Lower down are entries containing pictures. Copy exactly, without those pictures, the lines from the line with "Auf Anforderung der" through the line with "Bomber é feita".

■ RECORDS SUPPLIED
__________

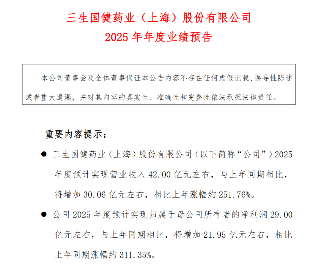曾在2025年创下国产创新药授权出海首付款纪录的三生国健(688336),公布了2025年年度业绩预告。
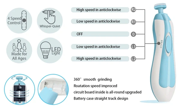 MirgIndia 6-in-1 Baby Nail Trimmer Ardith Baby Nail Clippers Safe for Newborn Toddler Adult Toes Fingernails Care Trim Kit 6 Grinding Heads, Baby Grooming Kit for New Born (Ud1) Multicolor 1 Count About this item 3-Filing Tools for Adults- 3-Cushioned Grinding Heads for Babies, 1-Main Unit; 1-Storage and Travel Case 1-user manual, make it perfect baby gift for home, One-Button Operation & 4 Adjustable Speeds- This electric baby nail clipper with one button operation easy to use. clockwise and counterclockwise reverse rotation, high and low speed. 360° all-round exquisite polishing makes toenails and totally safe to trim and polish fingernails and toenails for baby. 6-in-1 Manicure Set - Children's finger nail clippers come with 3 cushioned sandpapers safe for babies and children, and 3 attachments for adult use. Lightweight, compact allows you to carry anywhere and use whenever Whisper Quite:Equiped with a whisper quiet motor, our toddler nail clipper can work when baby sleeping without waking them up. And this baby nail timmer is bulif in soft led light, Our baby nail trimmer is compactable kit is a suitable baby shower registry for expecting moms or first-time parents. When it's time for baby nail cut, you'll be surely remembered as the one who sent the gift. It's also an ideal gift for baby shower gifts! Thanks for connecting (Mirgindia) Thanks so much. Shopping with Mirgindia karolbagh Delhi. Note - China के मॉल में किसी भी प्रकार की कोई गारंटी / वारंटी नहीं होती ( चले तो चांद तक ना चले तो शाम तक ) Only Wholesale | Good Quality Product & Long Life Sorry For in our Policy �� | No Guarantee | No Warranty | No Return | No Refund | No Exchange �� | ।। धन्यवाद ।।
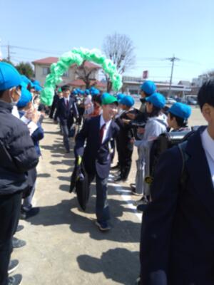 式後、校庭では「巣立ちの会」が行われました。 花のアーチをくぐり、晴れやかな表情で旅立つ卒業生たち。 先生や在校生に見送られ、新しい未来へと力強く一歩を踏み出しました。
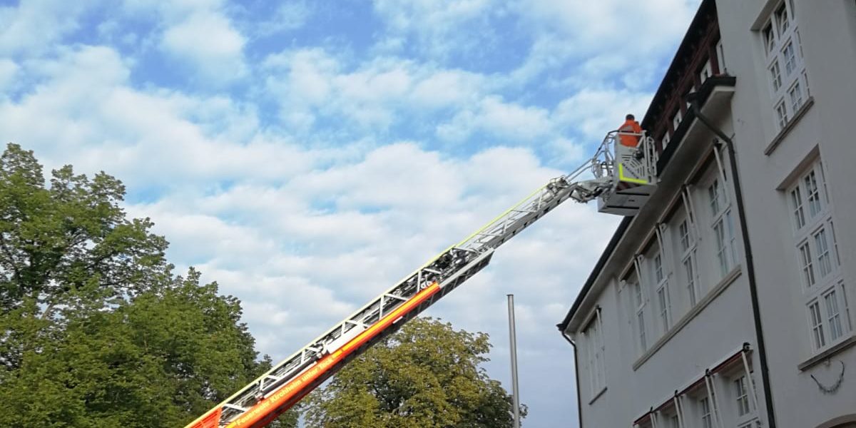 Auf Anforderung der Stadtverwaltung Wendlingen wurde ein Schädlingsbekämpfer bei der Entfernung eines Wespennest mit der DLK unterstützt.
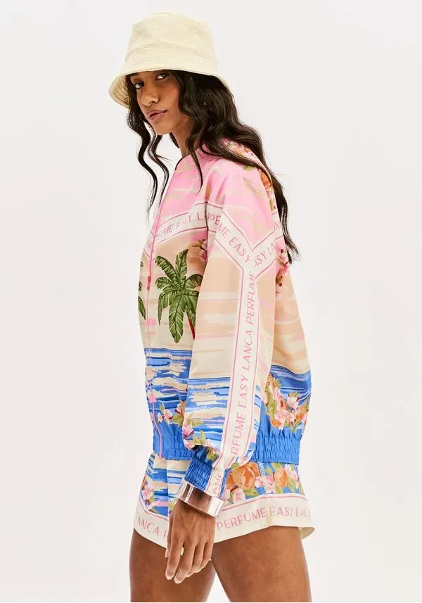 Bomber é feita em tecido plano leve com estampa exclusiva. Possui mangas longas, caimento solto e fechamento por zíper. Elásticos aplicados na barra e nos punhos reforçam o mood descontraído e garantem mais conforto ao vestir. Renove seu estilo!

__________

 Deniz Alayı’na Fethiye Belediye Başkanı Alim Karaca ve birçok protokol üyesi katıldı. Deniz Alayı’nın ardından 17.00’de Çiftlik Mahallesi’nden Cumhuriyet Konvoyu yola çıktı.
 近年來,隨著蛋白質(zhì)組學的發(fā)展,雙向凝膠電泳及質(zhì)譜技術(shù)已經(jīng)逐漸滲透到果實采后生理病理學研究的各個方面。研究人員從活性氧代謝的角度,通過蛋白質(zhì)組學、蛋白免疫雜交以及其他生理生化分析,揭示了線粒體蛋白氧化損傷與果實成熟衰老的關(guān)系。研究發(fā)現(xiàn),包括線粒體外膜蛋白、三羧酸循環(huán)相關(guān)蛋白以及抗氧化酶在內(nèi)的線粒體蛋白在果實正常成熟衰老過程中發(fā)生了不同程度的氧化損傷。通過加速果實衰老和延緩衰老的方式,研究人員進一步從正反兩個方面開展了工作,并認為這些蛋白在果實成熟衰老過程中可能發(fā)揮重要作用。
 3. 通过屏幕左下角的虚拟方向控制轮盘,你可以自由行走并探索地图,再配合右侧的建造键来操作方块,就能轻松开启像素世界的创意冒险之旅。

__________

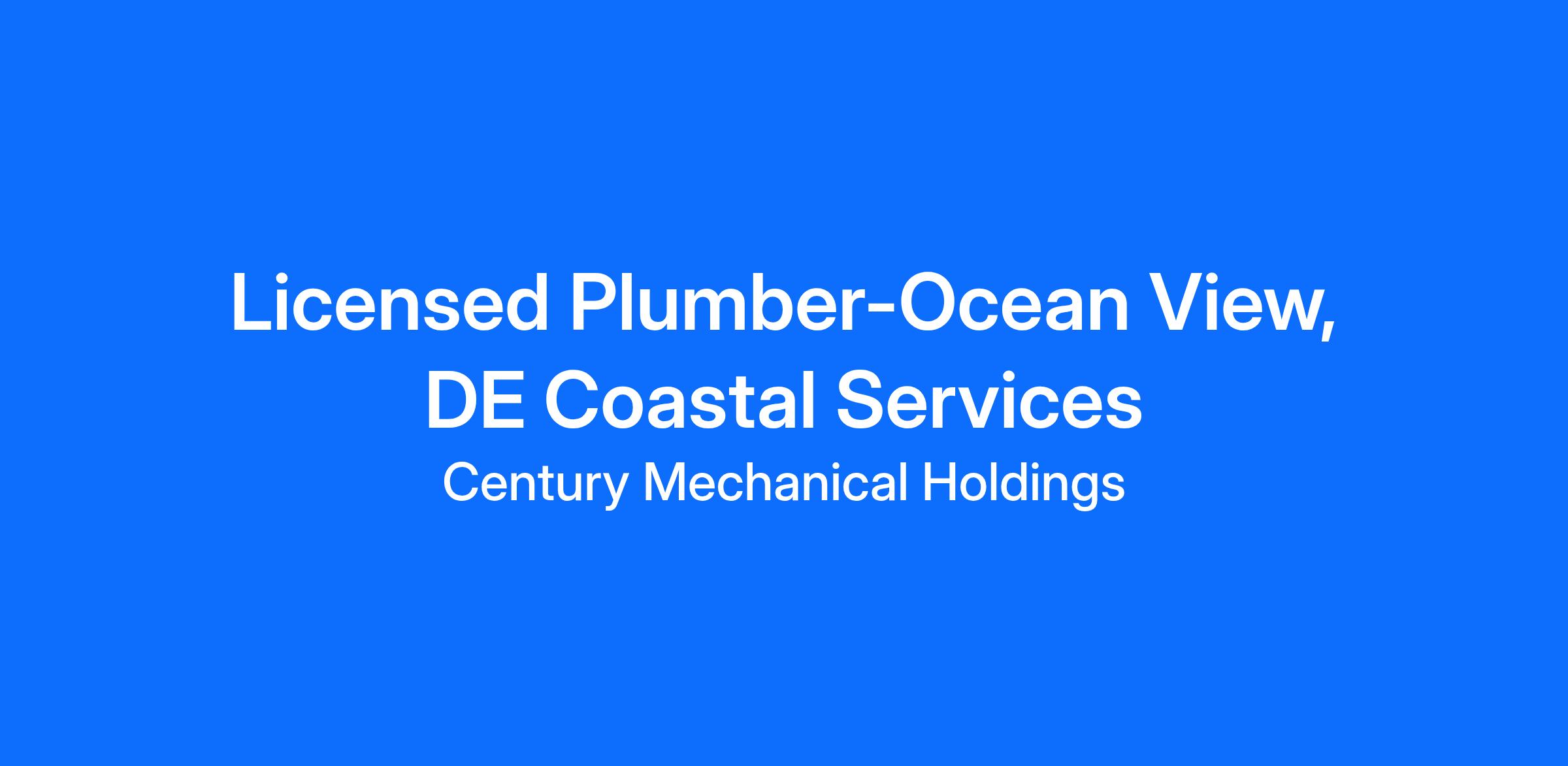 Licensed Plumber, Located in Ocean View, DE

__________

■ SOLUTION FOR THIS TASK
 Auf Anforderung der Stadtverwaltung Wendlingen wurde ein Schädlingsbekämpfer bei der Entfernung eines Wespennest mit der DLK unterstützt.
 Bomber é feita em tecido plano leve com estampa exclusiva. Possui mangas longas, caimento solto e fechamento por zíper. Elásticos aplicados na barra e nos punhos reforçam o mood descontraído e garantem mais conforto ao vestir. Renove seu estilo!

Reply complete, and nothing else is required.